Ci ha detto Gesù: «Perciò anche voi tenetevi pronti perché, nell’ora che non immaginate, viene il Figlio dell’uomo». Noi vorremmo sussurrare al “Figlio dell’uomo” che “l’ora che non immaginiamo” è l’ora della sua misericordia, l’ora della sua tenerezza, in cui in un abbraccio di amore intramontabile, Lui possa rassicurarci con le parole di Vita che sono sgorgate dalla sua croce: «Oggi con me sarai nel paradiso» (Lc 23,43).

In questi giorni in cui ci stiamo predisponendo per il pellegrinaggio di beatificazione di Giovanni Paolo I, proviamo tristezza e amarezza per questa dipartita da noi di don Andrea. Noi vogliamo custodire con immenso rispetto e con filiale fiducia questo intrecciarsi di eventi che non possiamo pienamente comprendere. Pur nella fatica di parlare non appena io ero giunto presso il suo letto, don Andrea aveva ripetuto: «Andate a Roma». Non so se fosse una domanda sulla nostra preparazione o una constatazione della vicinanza dell’evento. In realtà attendeva questo dono della beatificazione di Albino Luciani e trepidava per esso. Di don Albino, don Andrea custodiva le vicende vissute nel suo ministero a Canale d’Agordo, in particolare con la inaspettata visita di San Giovanni Paolo II che bussò alla porta della canonica di Canale. Tutto questo ci sollecita in questi giorni ad entrare nello sguardo “alto” e “amante” di Dio.

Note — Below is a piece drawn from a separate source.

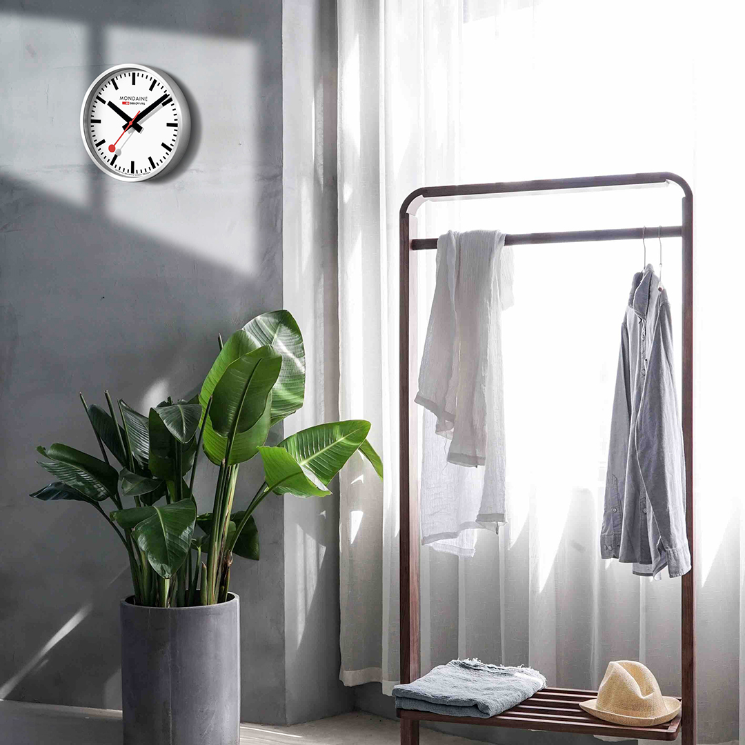 MONDAINE A995.CLOCK.16SBB jsou nástěnné hodiny s hliníkovým pouzdrem o průměru 400 milimetrů. Číselník v matné bílé barvě je chráněn tvrzeným minerálním sklem a je inspirován ikonickými nádražními hodinami s červenou sekundovou ručkou. Chod hodin zajišťuje quartzový strojek.

Sì, il Signore della Vita sta ricomponendo le nostre storie, anche quelle che non conosciamo. L’intreccio umano diventa il ricamo di Dio, il poco che sappiamo essere e fare diventa meraviglia di Dio, anche le nostre infedeltà addobbano la storia di salvezza, frutto della fedeltà di Dio. Quanto abbiamo ascoltato ieri nella lettera agli Ebrei lo vogliamo con riconoscenza riconoscere della vita, nella fede, nel ministero del nostro caro don Andrea:

«Voi invece vi siete accostati al monte Sion, alla città del Dio vivente, alla Gerusalemme celeste e a migliaia di angeli, all’adunanza festosa e all’assemblea dei primogeniti i cui nomi sono scritti nei cieli, al Dio giudice di tutti e agli spiriti dei giusti resi perfetti, a Gesù, mediatore dell’alleanza nuova» (Eb 12,22-24a).